At the same time, the Conservative Party “has metamorphosed from a Burkean party (named after the conservative philosopher Edmund Burke) into a party that attacks all the things conservatives have traditionally supported, like the rule of law, and even hates judges,” Oborne says.

The former Telegraph journalist believes the outcome of the auction for the Daily Telegraph and Spectator magazine, which began in July, is crucial because the newspaper could become the battleground for the soul of the Conservative Party in the coming months.

“I absolutely think so,” said Oborne, who believes the Conservatives will have to somehow find common ground with Nigel Farage's Reform Party. He fears that over time it is “quite likely” that Reform will manage to take control of the Conservatives and gain a legitimacy that they would not have been able to achieve otherwise.

The Middle East

Oborne's disillusionment with the British political system and the newspapers that support it has deep roots, going back to Prime Minister Tony Blair and the Iraq War.

“I went through a crisis that was essentially linked to the Iraq war. I was terribly shocked to see that the British government, in my view, had deliberately lied to the British public to justify an illegal war. It made me examine all the assumptions I had made,” Oborne admits.
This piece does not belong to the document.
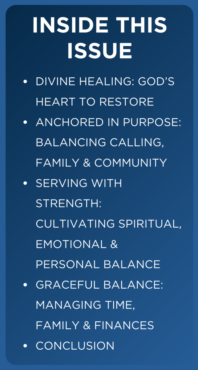 As we continue our faith journey, we are reminded of the importance of both spiritual and practical balance in our lives. In this edition, we reflect on “Divine Healing” as a core truth deeply woven into the DNA of our Church - a testament to God’s power and faithfulness throughout our history. May this article renew your faith in His ability to restore and sustain.

As a result, someone who describes himself as a churchgoer whose wife Martine is a Church of England vicar in west London, began to look at how Islam was being reported and discovered what he saw as a huge wave of Islamophobia at the time.
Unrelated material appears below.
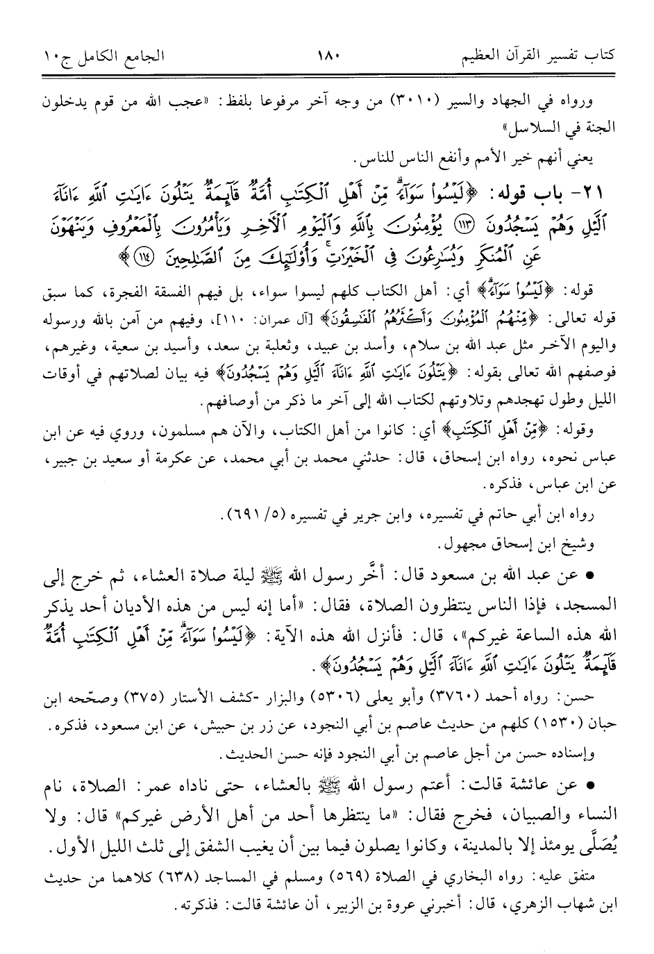 • عن عبد اللَّه بن مسعود قال: أخَّر رسول اللَّه -صلى اللَّه عليه وسلم- ليلة صلاة العشاء، ثم خرج إلى المسجد، فإذا الناس ينتظرون الصلاة، فقال: "أما إنه ليس من هذه الأديان أحد يذكر اللَّه هذه الساعة غيركم"، قال: فأنزل اللَّه هذه الآية: {لَيْسُوا سَوَاءً مِنْ أَهْلِ الْكِتَابِ أُمَّةٌ قَائِمَةٌ يَتْلُونَ آيَاتِ اللَّهِ آنَاءَ اللَّيْلِ وَهُمْ يَسْجُدُونَ}.

“I have written many articles on torture and the war on terror, falsifying information in every British newspaper except the FT,” says Oborne, who has also attacked reporting on the “Trojan Horse affair”, the alleged attempt by Muslims to take over a number of Birmingham schools, which he says has been proven to be nonsense.

This type of reporting has increasingly pushed him away from the mainstream media, but he says he is “old enough” and has no complaints. He can still make his voice heard on what he considers important in outlets such as openDemocracy and Middle East Eye.
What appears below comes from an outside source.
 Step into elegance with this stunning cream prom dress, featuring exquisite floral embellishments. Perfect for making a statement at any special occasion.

“I'm much happier. It's a big relief. It was a negotiation and, in the end, it was heartbreaking,” he said.

In recent months, Oborne has taken a keen interest in the horrors of Gaza and spent time in the West Bank, particularly in the city of Nablus.

“It is clear that the Israeli government has committed a series of atrocities and these are now well documented, as is the terrible genocidal language used by Netanyahu (the Israeli prime minister) that has trickled down to the rank and file. These are issues that need to be addressed by the International Court of Justice, by Netanyahu and by the Hamas leadership,” he said.

In July, Oborne visited Nablus again to see how things had changed since the war.

“I go somewhere without having a position on what I'm going to write about. I finance my trip myself,” says Oborne, who has not yet decided whether or not he will write a book on the subject.

One of his tasks in Nablus is to edit the text of his latest book, due out in April, a comprehensive history of cricket written with Richard Heller, the journalist who was chief of staff to the Labour politician Denis Healey.

Oborne has been playing cricket for 40 years and has taken a team to play in Pakistan and this summer his motley group of friends along with a handful of journalists will be playing cricket in Ireland.

On more serious matters, Oborne says that at the age of 67 he has reached the stage where he is primarily interested in doing good.

“When you die, you want to leave a better world behind. When I write books, I really want to do good,” says Peter Oborne, perhaps still showing integrity.